═════ Dataset entries ═════

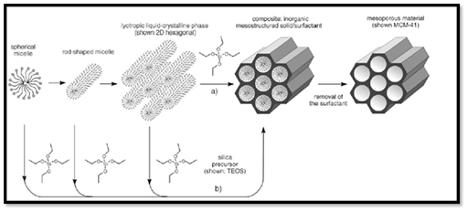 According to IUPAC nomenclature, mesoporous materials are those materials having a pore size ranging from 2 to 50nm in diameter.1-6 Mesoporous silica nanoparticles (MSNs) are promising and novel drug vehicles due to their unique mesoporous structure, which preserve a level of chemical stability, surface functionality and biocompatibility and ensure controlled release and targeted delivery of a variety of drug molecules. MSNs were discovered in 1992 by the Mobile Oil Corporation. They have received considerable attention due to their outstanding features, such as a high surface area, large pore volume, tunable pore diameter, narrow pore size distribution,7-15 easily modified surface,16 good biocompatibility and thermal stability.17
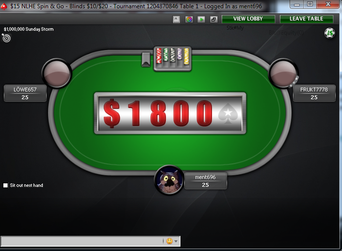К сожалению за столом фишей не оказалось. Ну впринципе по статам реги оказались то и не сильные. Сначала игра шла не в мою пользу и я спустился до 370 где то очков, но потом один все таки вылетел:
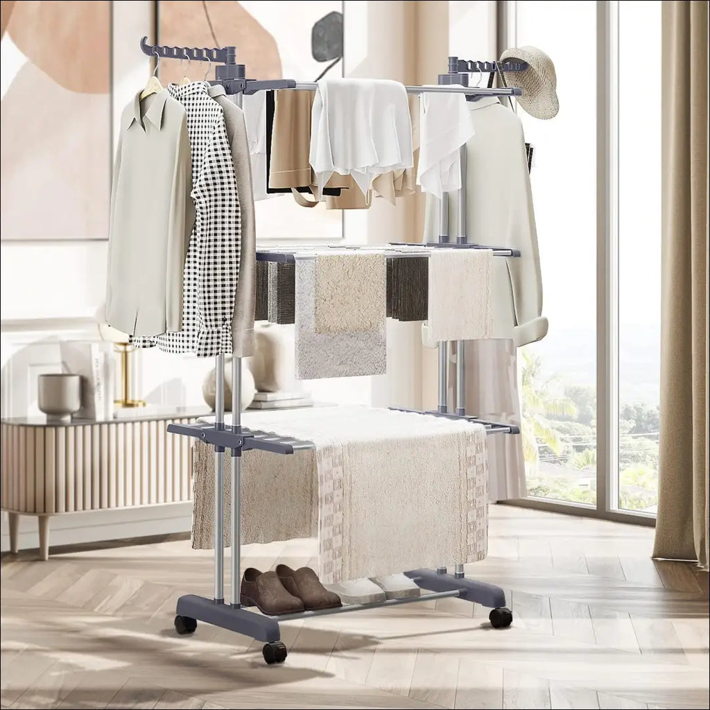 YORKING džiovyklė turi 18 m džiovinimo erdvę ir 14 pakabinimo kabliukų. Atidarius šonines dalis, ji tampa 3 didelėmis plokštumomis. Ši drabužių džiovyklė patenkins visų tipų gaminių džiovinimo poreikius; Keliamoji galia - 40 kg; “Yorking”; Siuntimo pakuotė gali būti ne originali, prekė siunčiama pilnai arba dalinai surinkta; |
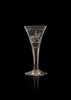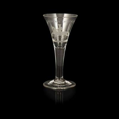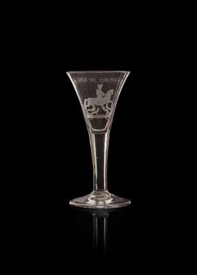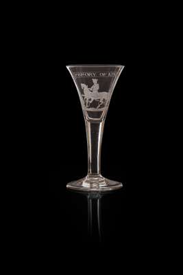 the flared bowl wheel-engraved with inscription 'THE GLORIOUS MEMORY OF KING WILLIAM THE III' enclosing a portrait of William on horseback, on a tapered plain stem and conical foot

═════
═════ Dataset entries ═════

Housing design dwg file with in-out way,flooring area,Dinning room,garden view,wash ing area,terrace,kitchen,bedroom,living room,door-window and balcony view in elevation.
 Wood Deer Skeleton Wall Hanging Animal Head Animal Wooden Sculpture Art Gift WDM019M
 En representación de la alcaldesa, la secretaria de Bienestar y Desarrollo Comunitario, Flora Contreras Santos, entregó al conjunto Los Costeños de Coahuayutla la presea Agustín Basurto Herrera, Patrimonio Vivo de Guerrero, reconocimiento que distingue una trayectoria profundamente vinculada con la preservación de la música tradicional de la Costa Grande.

═════
═════ Dataset entries ═════

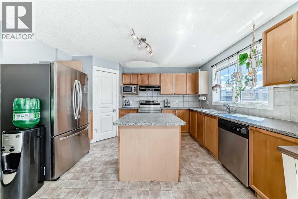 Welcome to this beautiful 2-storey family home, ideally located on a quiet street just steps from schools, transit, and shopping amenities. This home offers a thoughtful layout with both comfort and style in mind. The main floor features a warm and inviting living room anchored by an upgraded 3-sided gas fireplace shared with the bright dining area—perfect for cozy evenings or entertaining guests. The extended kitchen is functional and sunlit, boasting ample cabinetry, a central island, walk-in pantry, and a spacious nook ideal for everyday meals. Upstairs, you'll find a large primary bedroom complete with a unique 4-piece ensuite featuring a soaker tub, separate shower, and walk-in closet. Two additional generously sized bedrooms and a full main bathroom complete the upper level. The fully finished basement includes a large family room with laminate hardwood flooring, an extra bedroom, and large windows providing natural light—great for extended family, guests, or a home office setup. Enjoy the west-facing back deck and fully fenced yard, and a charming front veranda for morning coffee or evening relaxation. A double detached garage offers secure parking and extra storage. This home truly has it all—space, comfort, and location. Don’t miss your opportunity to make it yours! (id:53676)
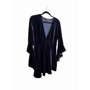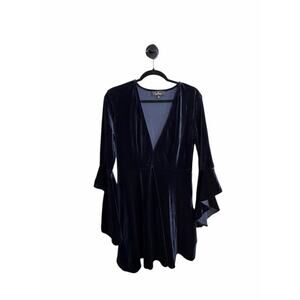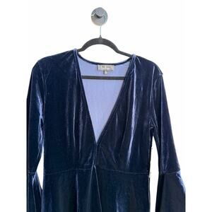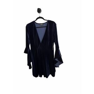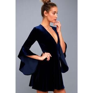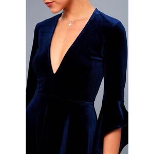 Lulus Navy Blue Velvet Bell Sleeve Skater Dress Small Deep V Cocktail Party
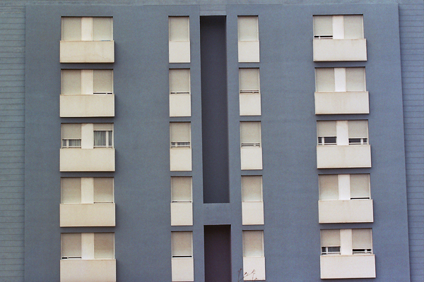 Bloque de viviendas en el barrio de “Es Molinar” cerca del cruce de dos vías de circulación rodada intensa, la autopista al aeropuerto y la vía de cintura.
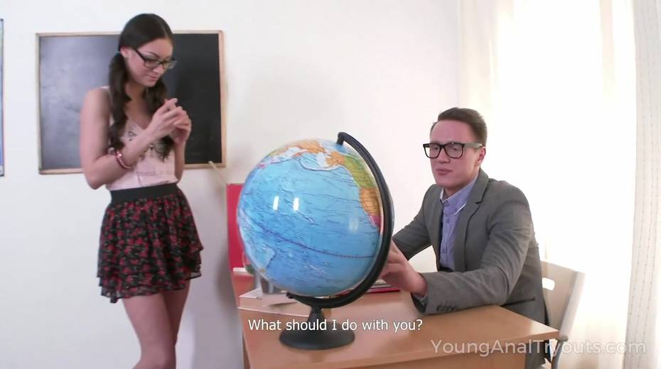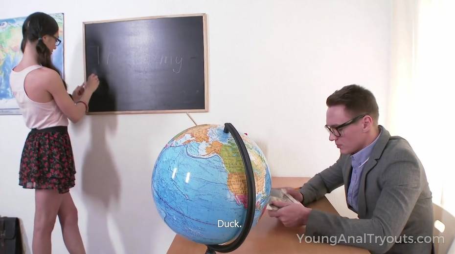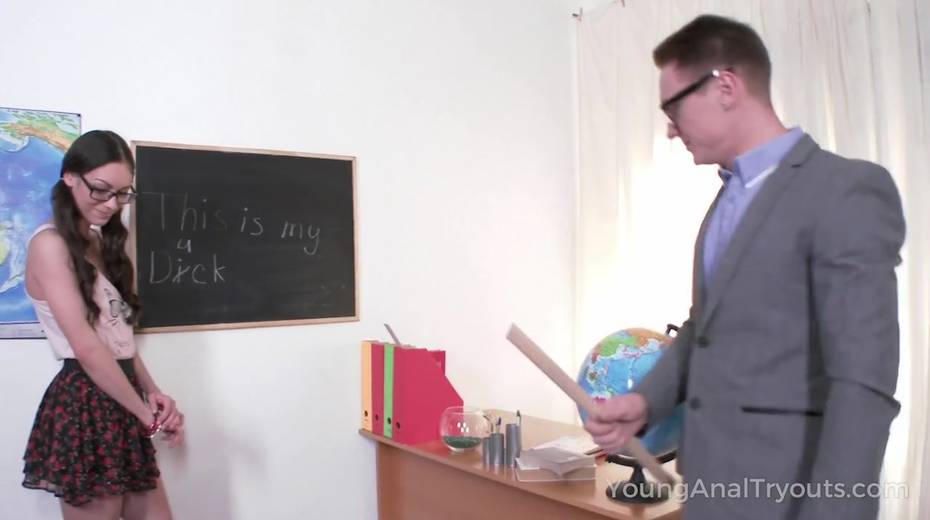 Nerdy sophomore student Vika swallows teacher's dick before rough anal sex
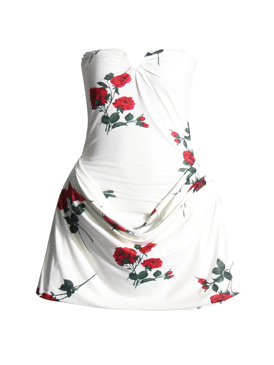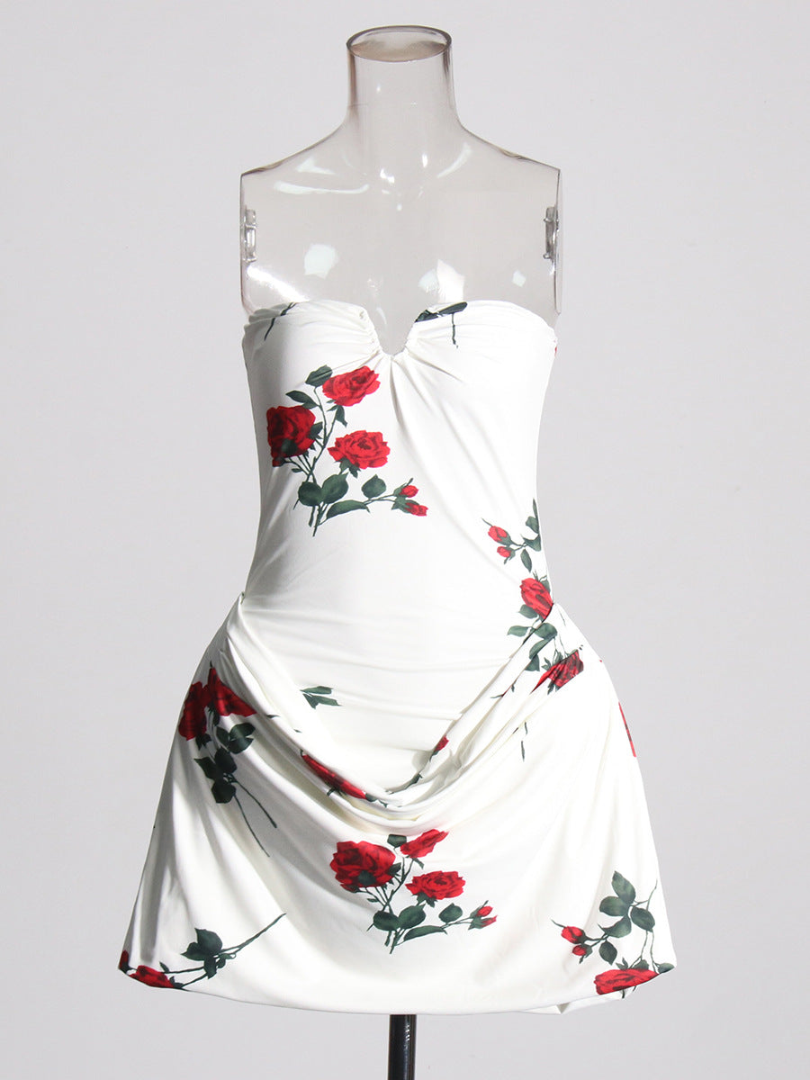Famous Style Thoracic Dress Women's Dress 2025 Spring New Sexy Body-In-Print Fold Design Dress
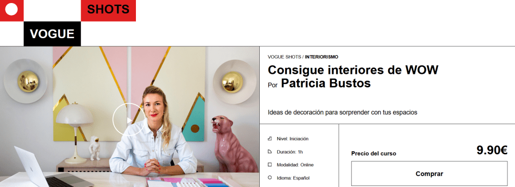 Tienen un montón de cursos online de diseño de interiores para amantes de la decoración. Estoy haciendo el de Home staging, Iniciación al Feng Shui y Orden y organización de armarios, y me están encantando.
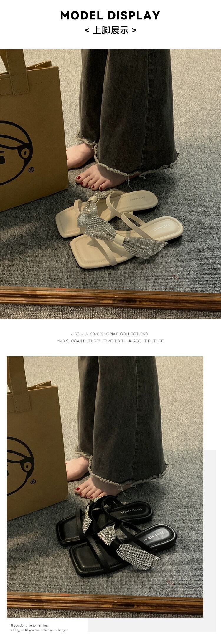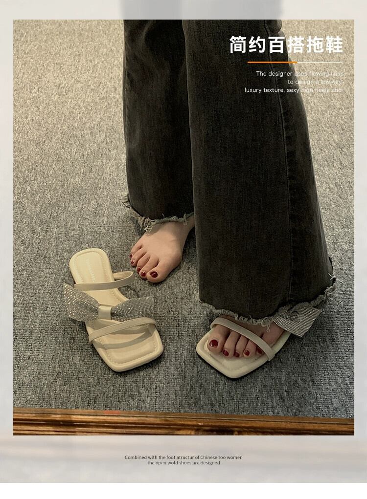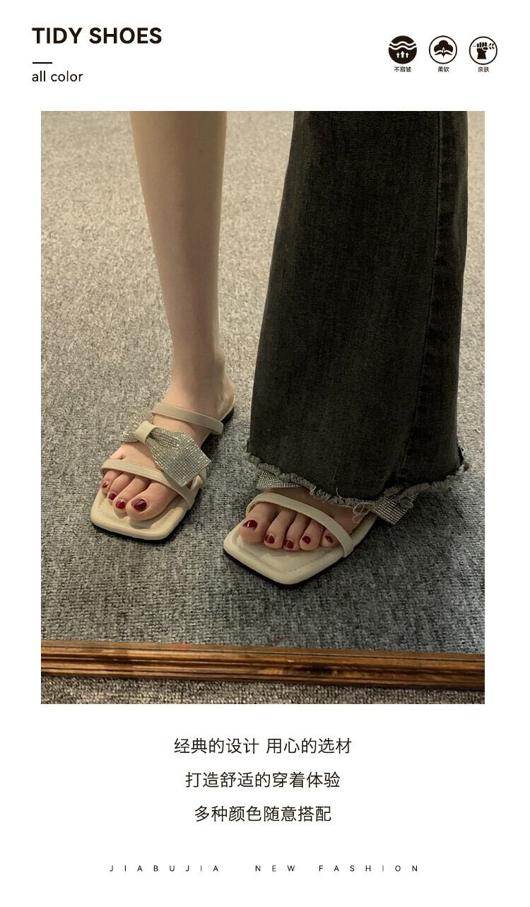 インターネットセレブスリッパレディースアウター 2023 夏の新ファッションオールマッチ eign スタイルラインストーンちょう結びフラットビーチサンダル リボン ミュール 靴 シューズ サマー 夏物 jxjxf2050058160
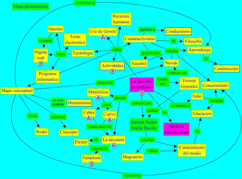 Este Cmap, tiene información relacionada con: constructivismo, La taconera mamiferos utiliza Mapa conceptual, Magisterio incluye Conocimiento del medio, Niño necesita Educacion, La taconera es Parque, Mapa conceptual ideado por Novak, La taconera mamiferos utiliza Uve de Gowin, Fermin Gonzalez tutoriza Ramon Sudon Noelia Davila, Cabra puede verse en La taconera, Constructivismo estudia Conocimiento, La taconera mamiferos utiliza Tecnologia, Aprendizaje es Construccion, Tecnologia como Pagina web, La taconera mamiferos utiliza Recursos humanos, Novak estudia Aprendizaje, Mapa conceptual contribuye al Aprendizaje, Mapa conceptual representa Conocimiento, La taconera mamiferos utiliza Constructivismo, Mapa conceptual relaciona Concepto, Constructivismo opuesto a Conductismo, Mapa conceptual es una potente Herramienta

═════

_Exercise_.
From the material above, reproduce only what runs from the line holding "Tienen un montón" down to the line holding "インターネットセレブスリッパレディースアウター 2023 夏の新ファッションオールマッチ", both included, pictures excluded.

_Result of the exercise_.
 Tienen un montón de cursos online de diseño de interiores para amantes de la decoración. Estoy haciendo el de Home staging, Iniciación al Feng Shui y Orden y organización de armarios, y me están encantando.
 インターネットセレブスリッパレディースアウター 2023 夏の新ファッションオールマッチ eign スタイルラインストーンちょう結びフラットビーチサンダル リボン ミュール 靴 シューズ サマー 夏物 jxjxf2050058160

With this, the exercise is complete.